WHAT YOU SHOULD DO —
Your answer should hold exactly the lines below from the line with "乳幼児突然死症候群 (SIDS) について" through the line with "El grup de diaques", both included, and no pictures at all.
[[ ENTRIES SUPPLIED, beginning ]]
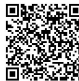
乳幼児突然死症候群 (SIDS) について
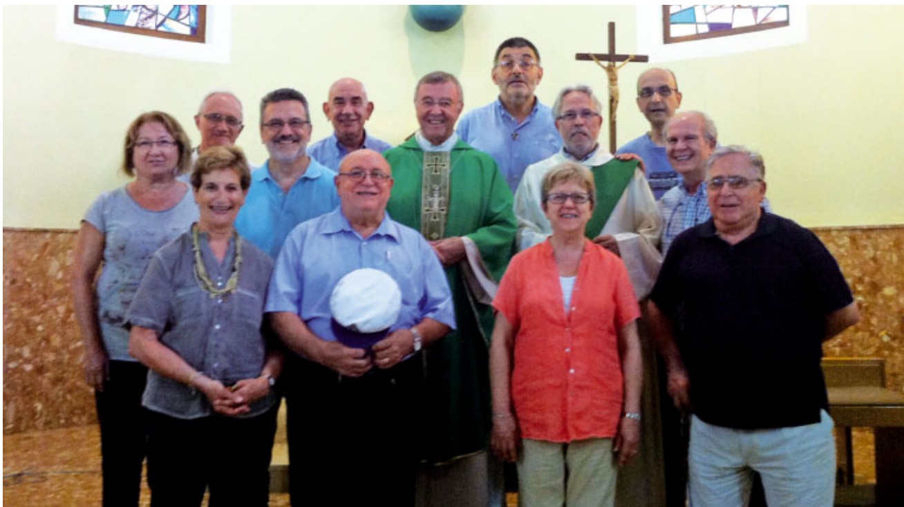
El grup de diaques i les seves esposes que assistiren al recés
[[ ENTRIES SUPPLIED, end ]]
[[ ENTRIES SUPPLIED, beginning ]]
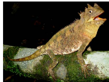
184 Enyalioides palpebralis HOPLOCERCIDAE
[[ ENTRIES SUPPLIED, end ]]
EXPECTED ANSWER —
乳幼児突然死症候群 (SIDS) について
El grup de diaques i les seves esposes que assistiren al recés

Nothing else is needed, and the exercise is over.